For services using Event Sourcing, instead of retrieving entity all of the events are retrieved and a state of an aggregate is rebuilt. If snapshots are used, only events with versions bigger than a snapshot must be retrieved. If the snapshot is preserved in a in memory cache, then possibly, no events will be retrieved if the snapshot’s version is equal to the number of aggregate’s events so far. Events that are a result of a command are appended to the store conditionally. Depending on the storage it can be the stream version when using EventStore AppendToStreamAsync or update of a root markup entity when using a custom relational store.

An example

Let’s consider an example of a GitHub-like issue. Every issue has an option of locking it. It can be used for instance to lock an issue created by a troll (you don’t feed the troll) and disallow adding more comments. For sake of argument:

  1. let’s model all comments as a part of the issue aggregate (as always, there are many models that can be applied)
  2. optimistic concurrency is used for all commands.
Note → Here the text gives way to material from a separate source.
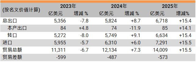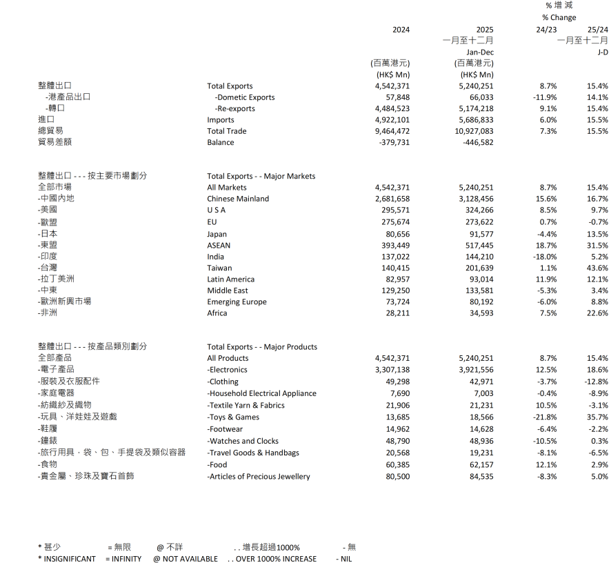 - 2025年全年整体货物出口货值按年上升4%。

A business requirement for locking an issue could look like:

when an issue is locked no user should be able to add more comments

It’s quite common, that when seeing a requirement like this, developers don’t ask questions. It’s even more unfortunate, that some companies require to just follow the analysis. Let’s try to relax this requirement a little bit by asking some questions:

  1. Is it required to lock the issue immediately?
  2. Could an issue be considered locked after some short period of time (less than 1s) after locking it?
  3. Could we allow adding some comments during this period?
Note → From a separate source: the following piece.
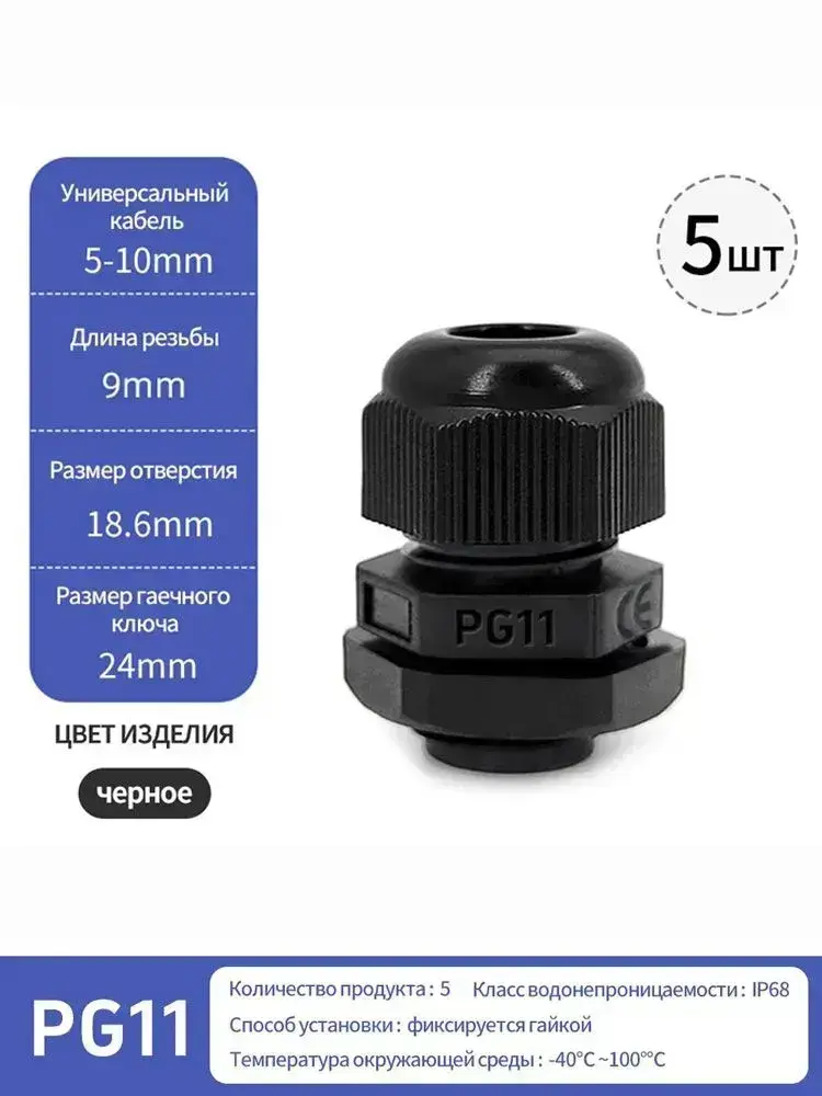Кабельный ввод (сальник) PG11(5-10 мм, IP68) 5 шт.

If the answers point towards no need of an immediate lock, there’s a space to handle locking in a relaxed manner

Relaxed Optimistic Concurrency

If an operation can have its preconditions relaxed and can be performed after achieving some state it can be executed with much less friction. In the previous example, the state when a user can add a comment is a created issue. The precondition is a non-locked issue, but it’s ok to add a comment to a locked issue within some time boundaries. Consider the following flow

  1. An aggregate is retrieved with its version
  2. If the state allows it, a command is executed
  3. The aggregates’ state is updated conditionally (if the version is unchanged) appending the change unconditionally

Depending on the storage and the applied design in can be done in many ways.
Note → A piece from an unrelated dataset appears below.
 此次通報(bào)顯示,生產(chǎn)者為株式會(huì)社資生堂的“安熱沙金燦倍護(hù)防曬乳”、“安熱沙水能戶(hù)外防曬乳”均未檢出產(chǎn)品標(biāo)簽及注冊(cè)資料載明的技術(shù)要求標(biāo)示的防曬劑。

When using Event Sourcing with EventStore a special version can be passed to the appending method which represents any version. This appends events unconditionally. This means that a locking operation and adding a comment can be done in parallel without conflicts!

When using a relational database, an issue entity can be retrieved to check it’s state. Next, a comment entity can be added separately, without updating the version of the issue itself. Again, because adding a comment does not change the version, the friction on the aggregate is lowered.

Summing up

Don’t take requirements for granted, but rather ask for the reasoning behind them. Try to relax requirements for areas which may suffer from the high contention. The model is just a model. There are no true or false models but these which help you or make your work harder. Choose wisely:)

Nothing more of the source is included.